I can’t pretend Trails does everything right. There are patches of insensitivity, many friends of mine have alerted me to a precipitous drop in quality to come, and in some senses the slowness can be too slow. All that said however, it’s a franchise which has—thus far—managed to make me feel something in a genre I love, when many other games have not. This of course can be tied up in a lot of things; I could simply be experiencing a shift in prioritization, for instance, but I would be loath to say it is anything as simple as just being fresh.

Craft is a thing I endlessly appreciate. When a game is made by a person having a good time, intentionally seeking to express something, it can be an enjoyable experience even when there are bumps in the road. I also love games meticulously ground down and polished over thousands of iterations. Something simple can be beautiful when worked down to its most unadulterated pure concept.
The Trails games ultimately feel like neither of these things, a perfect middle point of design maximalism. The jaggedness of encounter balance is frequently alarming, exploding you with ice-wielding sewer toucans without warning. There are times where the gameplay feels like a tertiary concern when compared to the lavish treatment of the writing. Yet, I can only find myself compelled.

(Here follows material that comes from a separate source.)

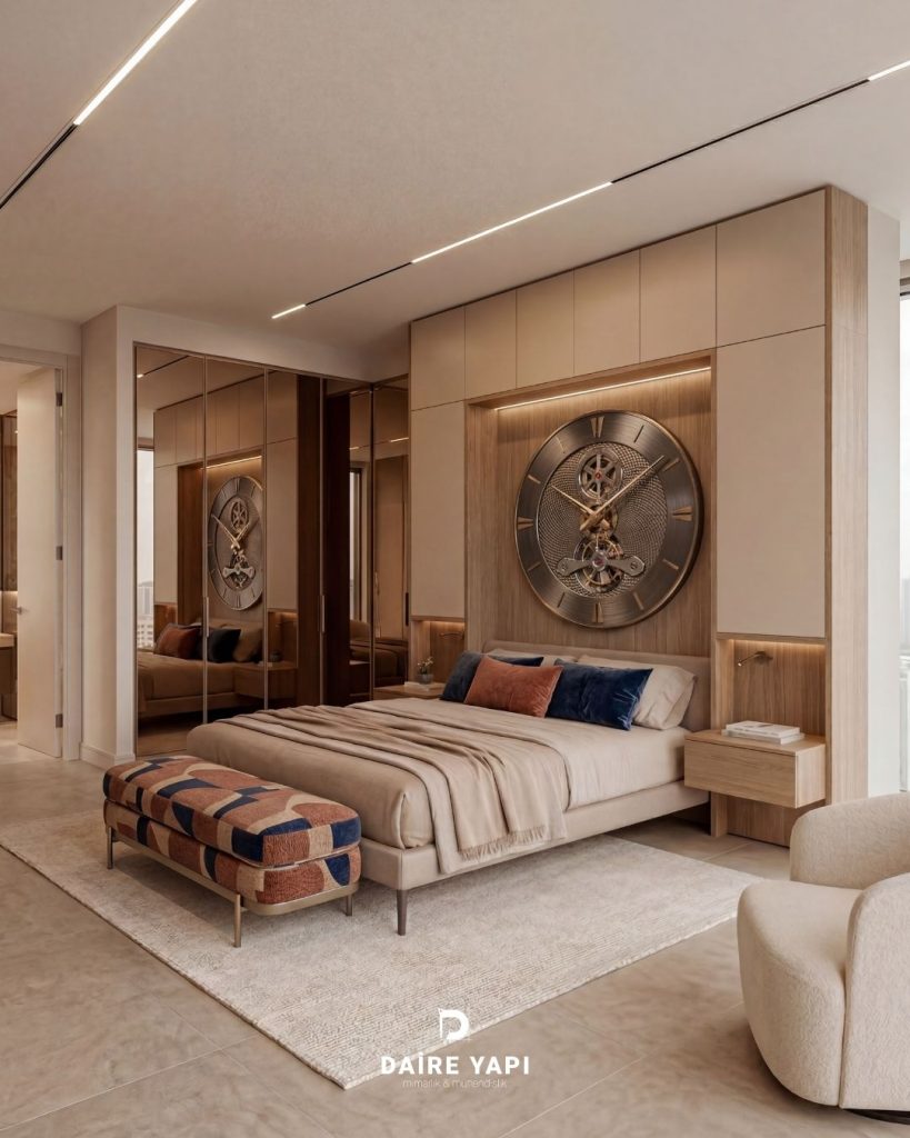 Yatak odasında tercih edilen tasarım dili, evin genel dekorasyon yaklaşımıyla uyum içinde olacak şekilde kurgulanmış; sade ama etkili detaylarla desteklenmiştir. Böylece dinlenme alanı niteliğini güçlendiren, şık ve uzun ömürlü bir mekan tasarımı elde edilmiştir.

There have been very few games with this much emphasis placed on writing, characters, and immersion, combined with this particular sense of aesthetic; it hits my buttons in a way that makes me feel like I was always the target audience. On more than one occasion I have said that this game feels like a portal into someone else’s nostalgia for this genre. It is a glimpse back in time, back when this genre had novel ideas and wasn’t simply a series of outstanding examples endlessly copycatted until I almost wished they never existed at all.
Despite the implied cynicism, I will continue to play Trails; I will continue to play JRPGs even as I find myself growing more and more estranged from the kind of things fellow fans seem to want and appreciate. In the end, I just love a world that feels like I could ask a question about the setting and somewhere—provided I had the know-how and the desire to dig—find an answer.
Many games are simply impressions of worlds. The electrical lines don’t actually connect to anything, the streams, topologically speaking, run uphill, and the people would starve to death because technically there isn’t enough farmland to support this population size. Those things are fine too, and even Trails isn’t immune to such oddities—it is, after all, incredibly difficult to make a world. Yet I love its detail, I love its characters, and I love a game that makes me feel guilty for not finishing side quests; not because of some lingering remnant of completionism, but because I felt like someone actually needed my help.
Ultimately, a world is a living thing, as long as we believe in it, it lives. I believe in the world of Trails. I’m excited to see what it lives to do.








An amazing read that nails the things I’ve felt about this series however the comment about the series falling off in quality is one I only slightly take issue with. I do think this is a statement that pops up one too many times, from other sources that is, but based on what you love about this series so far, I think that this series does not fall off in quality and I hope you enjoy the rest of the series as well.